Pre-tariff Imported Cars Surge in Popularity in the US, Toyota RAV4 the Fastest-selling.

On Wednesday, April 2, President Trump announced that a 25% tariff will be imposed on all imported cars, effective on April 3. A 25% tariff will also be imposed on car components exported to the United States, effective before May 3. Many people are concerned that car prices will increase, leading to a rush to buy vehicles before the tariffs take effect.

Currently, car manufacturers with sufficient inventory have the advantage, while those with lower stock, such as Toyota, are facing price hike pressures.

According to data from Cox Automotive, as of March 17, Toyota’s inventory turnover days for cars stood at 32.7 days, significantly lower than the industry average of 89 days, indicating that Toyota’s stock is depleting faster than its competitors. The popular RAV4 model has an inventory turnover of only 20.9 days.

As the world’s largest car manufacturer, Toyota has stated that it currently has no plans to raise prices in the United States. Erin Keating, an analyst at Cox Automotive, mentioned that Toyota informed her they could increase production at their Kentucky plant, but from a purely financial perspective, the decision not to raise prices could be fragile.

SBI Securities automotive industry analyst Koji Endo predicts that Toyota “may gradually start raising prices from early May.”

“Their inventory is very limited… not even enough for a month of sales, all inventory will soon be sold out,” Endo said.

Seiji Sugiura, a senior analyst at Tokai Tokyo Intelligence Laboratory, believes that the weak Japanese yen allows Toyota to delay price increases, giving them leverage to compete with American rivals such as General Motors, Ford, and Stellantis.

Cox Automotive identified five car models most impacted by the tariffs, with an average inventory turnover of 51 days. These include Honda CR-V, Chevrolet Trax, Subaru Forester, Chevrolet Equinox, and Honda HR-V.

According to data from Kelley Blue Book, following the COVID-19 pandemic, car prices have already experienced a surge. The average new car price in February was around $48,000, a 25% increase compared to five years ago.

Experts suggest that prices may rise once again. Art Wheaton, a labor research director at Cornell University and transportation industry expert, pointed out that the tariff impact could be significant and almost immediate.

The scope of this wave of car tariffs is extensive, covering not only imported cars and car parts but also automotive computers, affecting goods estimated to exceed $460 billion.

AEG estimates that for cars produced or assembled in the U.S., the tariffs could add an additional $2,500 to $5,000 for economy cars, $5,000 to $8,000 for midsize cars, and $10,000 to $15,000 for SUVs and luxury models.

For imported cars from Europe and Asia, tariffs on small car models could see an increase of $8,000 to $10,000, while luxury cars, SUVs, and sports cars could face tariff impacts of up to $20,000 or even higher.

AEG suggests that car manufacturers may initially absorb some of the tariff costs in the first year but ultimately shift production partially to the U.S. and potentially reduce the quantity of models sold in the U.S., passing on all tariff costs to consumers.

Daniel Ives, an analyst at Wedbush Securities, believes that average car prices could increase by $5,000 to $10,000, with prices rising right off the production line.

Finished cars that arrive at U.S. ports before the tariffs take effect are in demand as they are not subject to the new tariffs, allowing for lower prices.

According to reports by AOL, a major European car manufacturer revealed that they had shipped as many luxury car models to the U.S. as possible before the tariffs were implemented.

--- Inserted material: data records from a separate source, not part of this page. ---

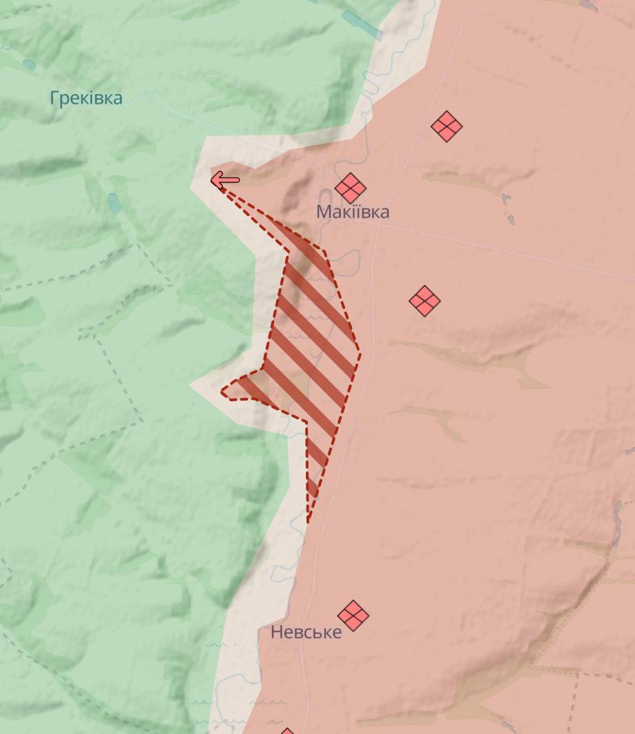 Южнее Покровска россияне стремятся приблизиться к границам Днепропетровской области со стороны сел Срибное и Запорожье, где у них также есть продвижение на запад. Deep State пишет, что на этом участке, вопреки ожиданиям, войска РФ двинулись не южнее, а западнее, к селу Ореховому на границе двух регионов.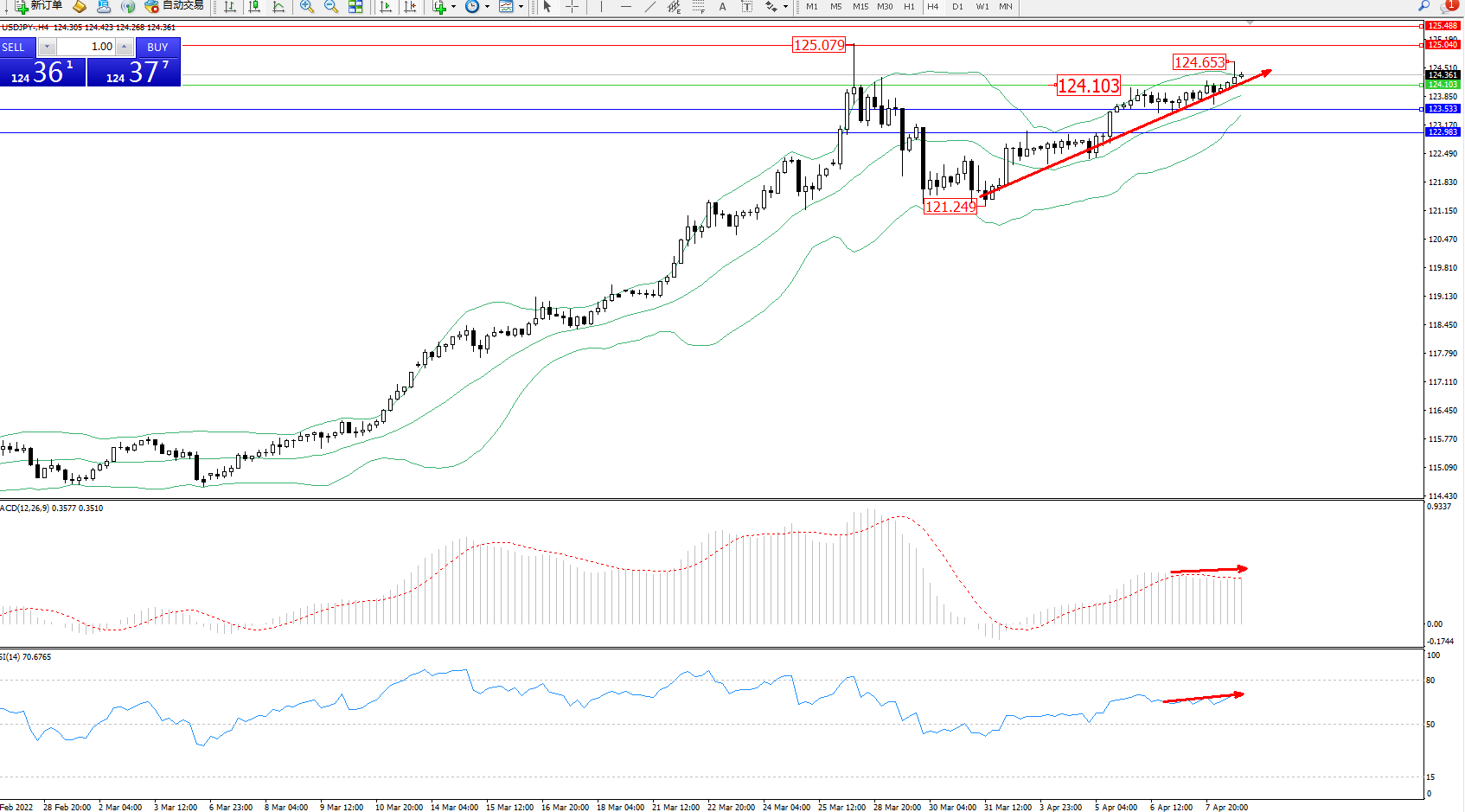 技术点评:多头动力延续布林带指标通道中上轨区间持续震荡上扬,高位抵达124.653附近节点后开始整理,短期多头拉升态势良好,前期高位125.079位置近在咫尺,破位在即,布林带指标呈收口走势不断拉升上扬,MACD指标处于多头区域维持整理平移,RSI指标处于多头区域维持弱势徘徊后开始向上移动;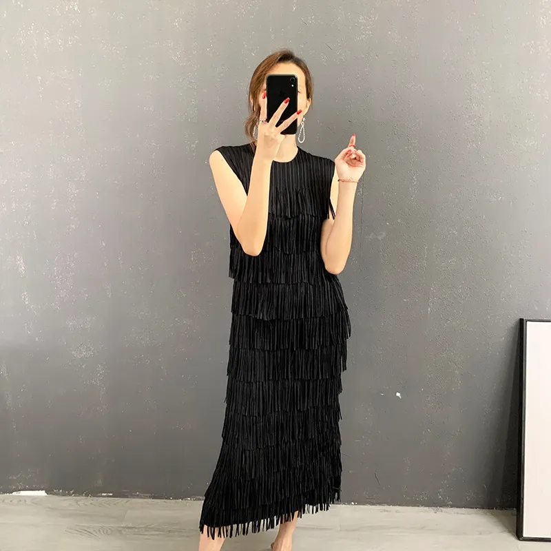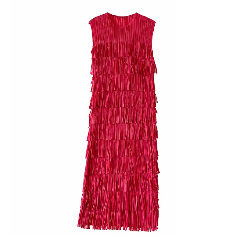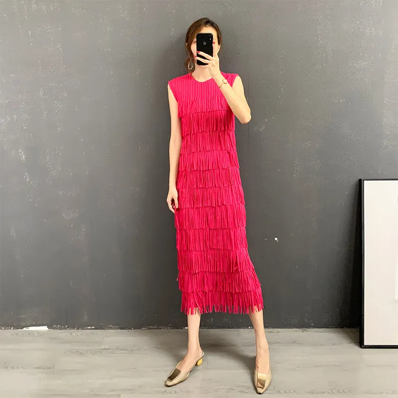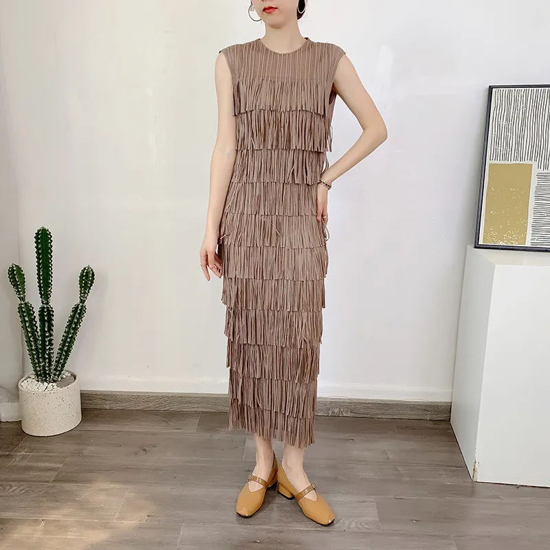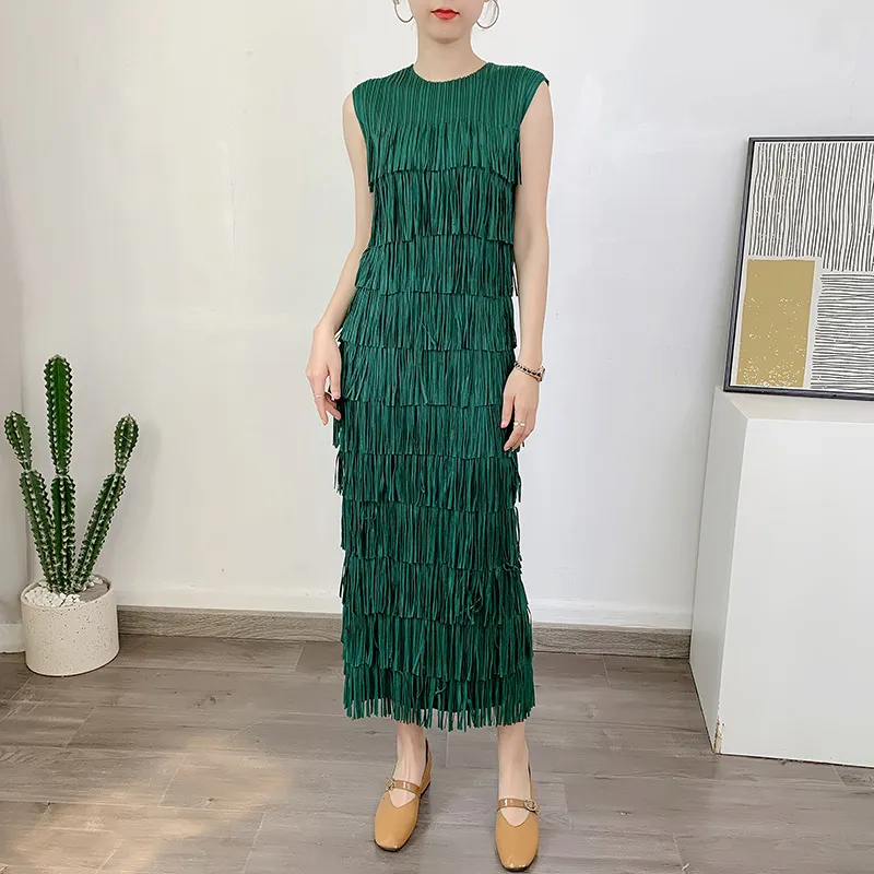 衣都精品- 2023新款圓領流蘇設計感百褶褶皺連衣裙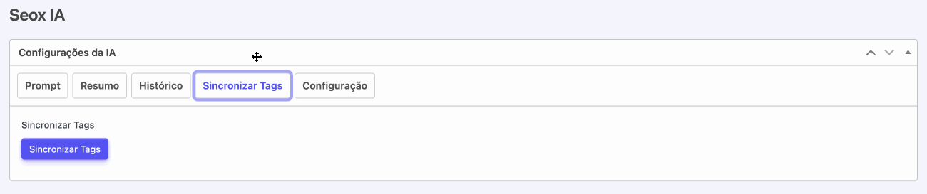 Sempre que uma nova tag for criada, excluída ou mesclada no portal, é importante manter o banco de dados da inteligência artificial atualizado. Para isso, acesse a aba “Sincronizar Tags” dentro da seção “Seox IA” e clique no botão “Sincronizar Tags”. Essa ação garante que a IA reconheça todas as tags atuais do portal, possibilitando uma associação correta entre palavras-chave e links internos nas próximas notícias otimizadas. Essa sincronização é essencial para manter a eficiência e a precisão do processo de otimização.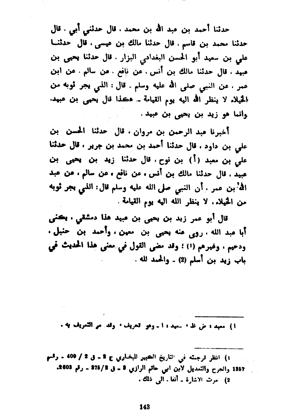حَدَّثَنَا أَحْمَدُ بْنُ عَبْدِ اللَّهِ بْنِ مُحَمَّدِ قَالَ حَدَّثَنِي أَبِي قَالَ حَدَّثَنَا مُحَمَّدُ بْنُ قَاسِمٍ قَالَ حَدَّثَنَا مَالِكُ بْنُ عِيسَى قَالَ حَدَّثَنَا عَلِيُّ بْنُ سَعِيدٍ أَبُو الْحَسَنِ الْبَغْدَادِيُّ الْبَزَّارُ قَالَ حَدَّثَنَا يَحْيَى بْنُ عُبَيْدٍ قَالَ حَدَّثَنَا مَالِكُ بْنُ أَنَسٍ عَنْ نَافِعٍ عَنِ سالم عَنِ ابْنِ عُمَرَ عَنِ النَّبِيِّ صَلَّى اللَّهُ عَلَيْهِ وَسَلَّمَ قَالَ الَّذِي يَجُرُّ ثَوْبَهُ مِنَ الْخُيَلَاءِ لَا يَنْظُرُ اللَّهُ إِلَيْهِ يَوْمَ الْقِيَامَةِ هَكَذَا قَالَ يَحْيَى بْنُ عُبَيْدٍ وَإِنَّمَا هُوَ زَيْدُ بْنُ يَحْيَى بْنِ عُبَيْدٍ أَخْبَرَنَا عَبْدُ الرَّحْمَنِ بْنُ مَرْوَانَ قَالَ حَدَّثَنَا الْحَسَنُ بْنُ عَلِيِّ بْنُ دَاوُدَ قَالَ حَدَّثَنَا أَحْمَدُ بْنُ مُحَمَّدِ بْنِ جَرِيرٍ قَالَ حَدَّثَنَا عَلِيُّ بْنُ مَعْبَدِ بْنِ نُوحٍ قَالَ حَدَّثَنَا زَيْدُ بْنُ يَحْيَى بْنِ عُبَيْدٍ قَالَ حَدَّثَنَا مَالِكُ بْنُ أَنَسٍ عَنْ نَافِعٍ عَنْ سَالِمٍ عَنْ عَبْدِ اللَّهِ بْنِ عُمَرَ أَنَّ النَّبِيَّ صَلَّى اللَّهُ عَلَيْهِ وَسَلَّمَ قَالَ الَّذِي يَجُرُّ ثَوْبَهُ مِنَ الْخُيَلَاءِ لَا يَنْظُرُ اللَّهُ إِلَيْهِ يَوْمَ الْقِيَامَةِ قَالَ أَبُو عُمَرَ زَيْدُ بْنُ يَحْيَى بْنِ عُبَيْدٍ هَذَا دِمَشْقِيٌّ يُكَنَّى أَبَا عَبْدِ اللَّهِ رَوَى عَنْهُ يَحْيَى بْنُ مَعِينٍ وَأَحْمَدُ بْنُ حَنْبَلٍ وَدُحَيْمٌ وَغَيْرُهُمْ وَقَدْ مَضَى الْقَوْلُ فِي مَعْنَى هَذَا الْحَدِيثِ فِي بَابِ زَيْدِ بْنِ أَسْلَمَ وَالْحَمْدُ لِلَّهِ

Many consumers wary of high tariffs have decided to make car purchases recently.

Justin Emerson, a salesperson at an Audi dealership in suburban Phoenix, reported that in the past few weeks, used cars have been selling quickly. On the day the car tariffs were announced, a couple concerned about the tariffs purchased a car.

Normally having 28 to 35 used cars in stock, Emerson mentioned that they are now left with only half. Nicole Foster, who works in the healthcare industry in Houston, said the looming tariffs prompted her to change her mind about buying a new car.

Her car warranty expires at the end of this year, and although she had no plans to buy a new car, the imminent tariffs persuaded her otherwise. In December 2024, she traded her 2018 Volkswagen Tiguan for a 2024 model to avoid tariff impacts. “When I saw the car, I signed the papers right away. Under normal circumstances, I wouldn’t have done that,” she said.

CEO of AEG, Patrick L. Anderson, advised, “If you are looking to buy a new car and find one you like, my suggestion is to purchase it immediately.” He added, “If you have a reliable used car, my advice is to maintain it well because that car may last longer than expected.”